Introduction to Intel Assembly Language for x86 Processors

 
Introduction to Assembly
 
Here we have a brief introduction to Intel
Assembly Language
This is the assembly language developed for the
Intel 8086 processor, which continues to be the
basis for all x86/Pentium/iCore processors
CISC instruction set
Special purpose register set
8 and 16 bit operations initially, expanded to 32 and
64 bit operations for Pentium
Memory-register and register-register operations
available, several addressing modes including many
implied addresses
 
Instruction Format
 
[name/label]  [mnemonic] [operands] [;comments]
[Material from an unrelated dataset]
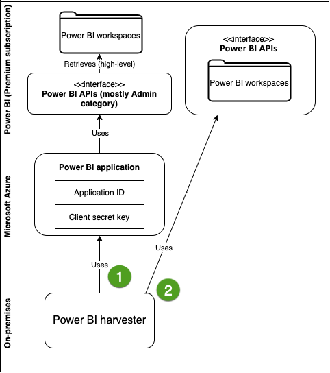 The lineage harvester uses the application ID and the client secret key of the Azure Active Directory application to access the Power BI APIs. These APIs retrieve basic Power BI metadata, for example metadata in the Power BI tenant or server and reports. |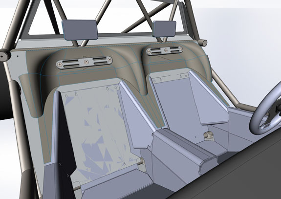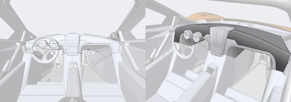While the Pikes Peak car will stay a raw 'roadster', this one will be the first to get the coupe bodywork, HVAC and upgraded interior. We're working on some concepts - these are just initial sketches, courtesy of Joshua Gore:

Operands are either literals, variables/constants,  or registers
Number of operands depends on type of instruction,
range from 0 to 2
Examples:
mov eax, ebx – 2 operands, source and destination
mov eax, 5 – one operand is a literal
mov y, eax – memory to register movement
add eax, 5 – 2 operands for add
mul value – 1 operand for mul, other operand is eax
nop – no operands for the no-op instruction
je location – 1 operand with comparison implied to be a flag
 
Literals and Variables
 
Literals require that the type of
value be specified by following the
value with one of the following:
D, d for decimal (the default)
H, h for hexadecimal
Q, q for octal
b for binary
Strings are placed in ‘ ’ or “ ” marks
Examples:
10101011b
0Ah
35
‘hello’
“goodbye”
 
We will define all
assembly code within
C/C++ programs so we
will declare all variables
in C/C++ code
int is 32 bit
short is 16 bit
char is 8 bit
We must insure that we
place the datum into the
right sized register (see
next slide)
 
Registers
 
14 registers, all special purpose
4 data registers
EAX – accumulator
EAX is an implied register in the Mul and Div instructions
EBX – base counter
used for addressing, particularly when dealing with arrays and strings
EBX can be used as a data register when not used for addressing
ECX – counter
implicitly used in loop instructions
in non-looping instructions, can be used as a data register
EDX – data register
used for In and Out instructions (input, output), also used to store partial
results of Mul and Div operations
in other cases, can be used as a data register
Register sizes:
_X – 16 bits (e.g., AX, BX)
 _H and _L –8 bits (high and low end of _X registers)
E_X – 32 bits (extends the _X registers to 32 bits)
 
Other Registers
 
Other registers can not be used for data but have
specific uses
Segment registers point to different segments in memory
SS – stack
CS – code
DS – data
ES – extra (used as a base pointer for variables)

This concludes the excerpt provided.